* **WHAT IS EXPECTED**
Among the entries below, retype exactly the lines starting with the one with "Biasanya, angka di" and going on through the one with "2.4. Подготовленные к", but not the pictures.

* **DATA PROVIDED**
┌──

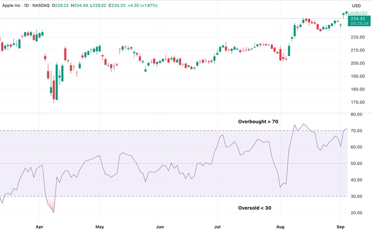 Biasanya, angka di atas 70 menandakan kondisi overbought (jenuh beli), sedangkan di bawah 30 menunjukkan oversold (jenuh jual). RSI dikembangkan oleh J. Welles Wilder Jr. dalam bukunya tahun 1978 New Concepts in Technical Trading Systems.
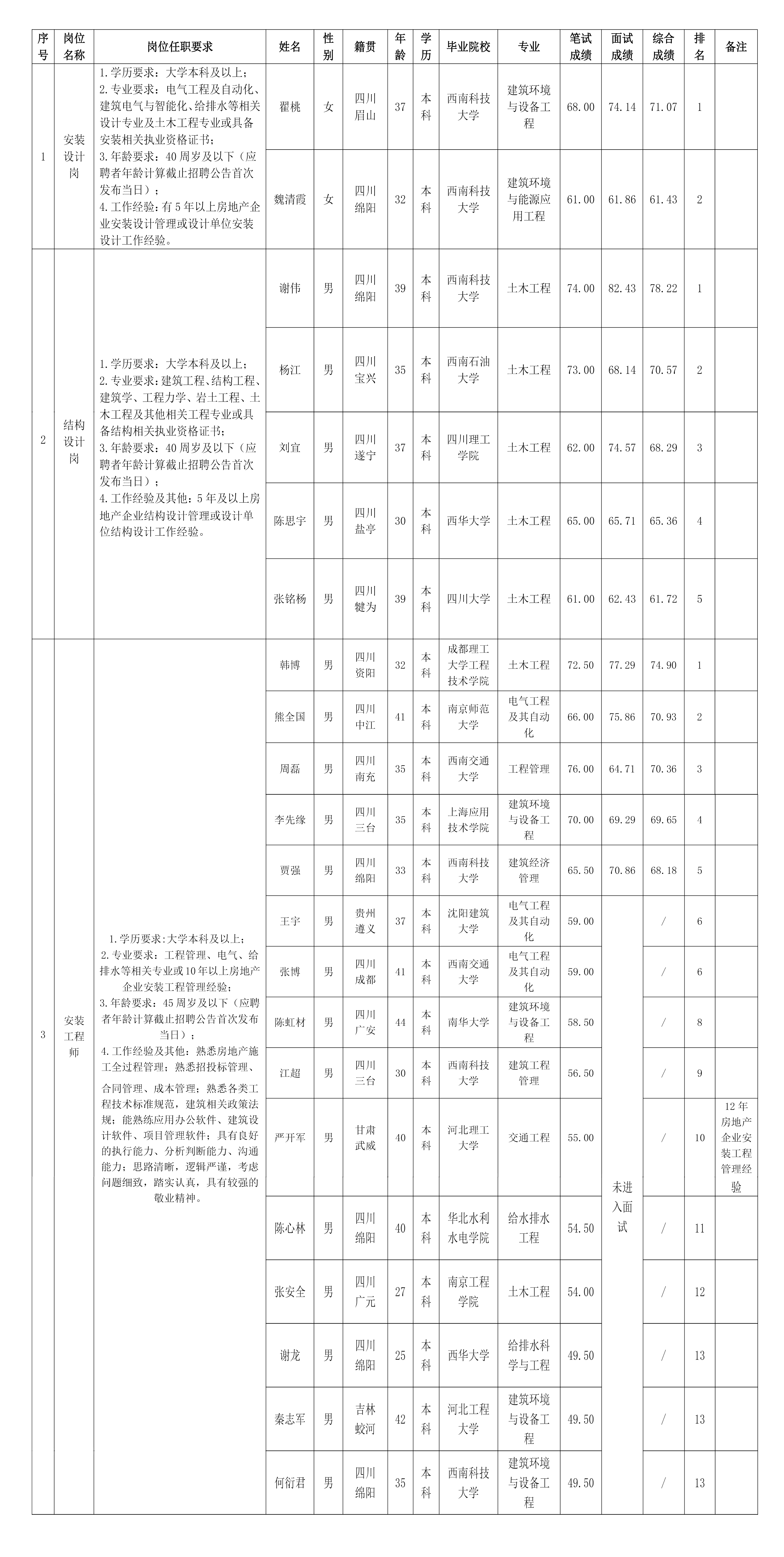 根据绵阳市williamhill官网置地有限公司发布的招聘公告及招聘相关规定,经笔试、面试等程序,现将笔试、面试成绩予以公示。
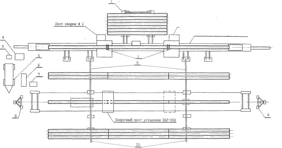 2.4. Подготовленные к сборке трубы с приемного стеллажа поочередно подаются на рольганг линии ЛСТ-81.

└──
┌──

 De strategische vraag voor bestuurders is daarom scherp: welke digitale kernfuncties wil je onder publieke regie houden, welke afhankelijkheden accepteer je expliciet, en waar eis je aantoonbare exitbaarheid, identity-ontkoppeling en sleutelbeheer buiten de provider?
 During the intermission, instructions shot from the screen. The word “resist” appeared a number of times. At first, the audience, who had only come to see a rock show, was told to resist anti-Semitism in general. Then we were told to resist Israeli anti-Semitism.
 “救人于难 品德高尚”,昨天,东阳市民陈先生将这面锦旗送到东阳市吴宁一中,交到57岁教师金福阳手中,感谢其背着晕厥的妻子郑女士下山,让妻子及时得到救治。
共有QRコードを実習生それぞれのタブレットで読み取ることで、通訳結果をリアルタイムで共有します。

└──

* **RESULT FOR THIS EXERCISE**
 Biasanya, angka di atas 70 menandakan kondisi overbought (jenuh beli), sedangkan di bawah 30 menunjukkan oversold (jenuh jual). RSI dikembangkan oleh J. Welles Wilder Jr. dalam bukunya tahun 1978 New Concepts in Technical Trading Systems.
 根据绵阳市williamhill官网置地有限公司发布的招聘公告及招聘相关规定,经笔试、面试等程序,现将笔试、面试成绩予以公示。
 2.4. Подготовленные к сборке трубы с приемного стеллажа поочередно подаются на рольганг линии ЛСТ-81.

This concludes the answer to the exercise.